Some 55% of parents charge their grown-up children rent, according to a recent poll on Moneywise.co.uk.
Over two fifths (41%) of them do so because the sooner they learn to provide for themselves, the better.
The other 14% charge rent simply because they can't otherwise afford to cover all their bills.
However, with the typical mortgage size for first-time buyers in England and Wales hitting £212,000 during the three months to the end of June - according to the Council of Mortgage Lenders - it's not surprising that 44% of Moneywise readers allow their grown-up children to live at home rent-free.
Some 17% put this down to the fact that they'll do everything they can to help their children save for somewhere of their own. The other 27% just accepted the financial hit as part of being a parent.
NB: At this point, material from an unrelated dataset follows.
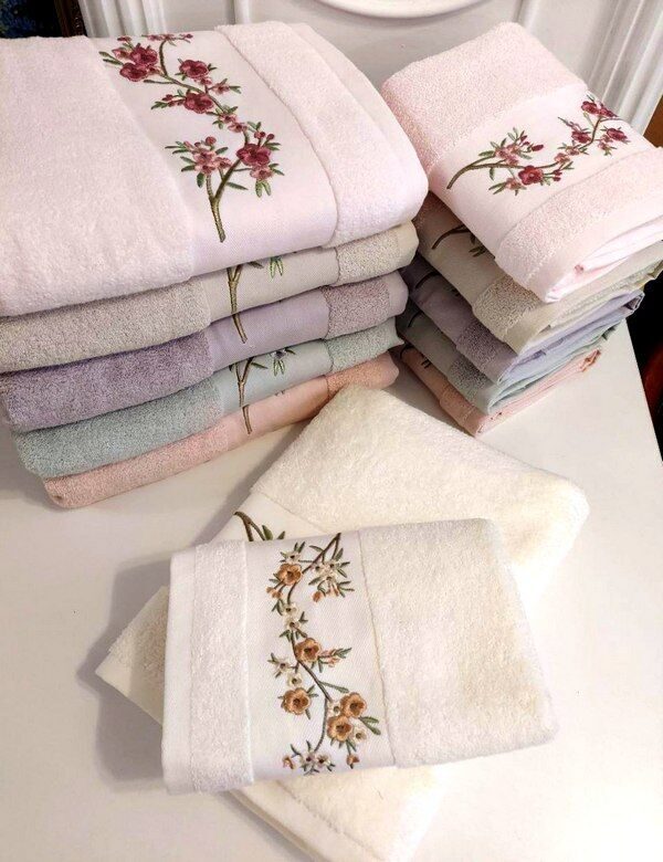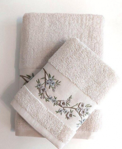 Махровое полотенце "Сакура"-МОЛОЧНЫЙ 50*90 см. хлопок 100%

The Moneywise.co.uk poll, voted for by 2,419 people, indicates that parents are torn between trying to help their children at the same as coping with increasing household costs.
Last year, more than 3.3 million young adults between the ages of 20 and 34 were living with their parents - up 26% from 1996, the Office for National Statistics reported.
On average, stay-at-home 'kidults' cost their parents almost £850 a year in added household bills, according to research by VoucherCodes.co.uk.
Mumsnet editor Sarah Crown recently told Moneywise: "From university tuition fees to rising house prices, the financial pressures on young people today are intense and, as a result, many more are finding themselves living at home for longer."
However, she added: "Mumsnet users broadly agree that if grown-up children to ask to stay with their parents while they're getting on their feet, charging them a small amount of rent, based on their income, is a sensible idea; it helps move the relationship on to a more equal footing – and, of course as adults, they should expect to contribute to household expenses."